On Walter Lewin and MIT

As many of you who may follow academia or physics may know, MIT terminated its relationship with prominent emeritus professor Walter Lewin back in December.** At the time, the official explanation was that MIT had received credible accusations that Lewin had been sexually harassing people using edX/MITx and MIT’s own online coursework. As part of the response, MIT removed Lewin’s famous online introductory physics lectures and other material from the OpenCourseWare site. This set off a firestorm across the internet with accusations that MIT must be overreacting and that the response was tantamount to Nazi book burning.

Over the past few days, a few articles have come out going into the accusations in more detail, which is what prompted me to write this. First, The Tech, MIT’s student newspaper, reported on Lewin’s supposed unprofessional behavior on Twitter. Then, Inside Higher Ed was provided with much more detailed information the person who reportedly was the one who made the complaint to MIT.
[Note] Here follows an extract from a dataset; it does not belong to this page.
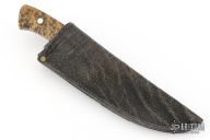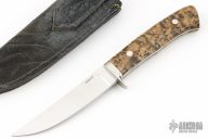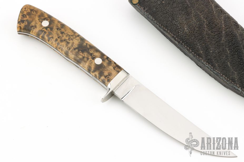 This Model 8 Hunter by the late George Herron features a mirror polished blade with .189" blade stock, .891" blade depth, full tapered tang construction. The handle has a stainless steel guard, burl wood scales with black liners. Numbered 1069 on tang. Comes with a leather sheath and zipper case. Has some scratches on the blade, great condition otherwise.

You can read the articles yourself, but I think this new information (provided that it’s true) makes it much clearer why MIT responded in the way it did. The accusations are that Lewin deliberately sought out women who were in his online classes or were interested in his classes and repeatedly sent sexually harassing messages to a number of them. Even if some of them didn’t consider this harassment (and it’s clear that at least one did think it was harassment), this kind of behavior is highly unethical and unprofessional. As far as I am aware, none of the alleged behavior is actually illegal. Regardless, it is absolutely unacceptable for a professor to exploit his (or her) position to manipulate people seeking a student-teacher type of relationship in this way. Had this been an actual MIT class, it would almost certainly expose MIT to some sort of legal liability and termination even of a tenured professor would potentially be warranted. MIT’s response of stripping Lewin of his emeritus status and removing the material he was allegedly using to harass students is simply saying that professors will also be held responsible for their behavior even in the rather new and unregulated world of online education.

**A brief disclaimer: I do know some of the people who are at least indirectly involved in this, although I don’t know Lewin or anyone who has received the kinds of messages described here and in the source articles. I don’t have any inside info or confidential info or anything beyond what has been publicly revealed so far.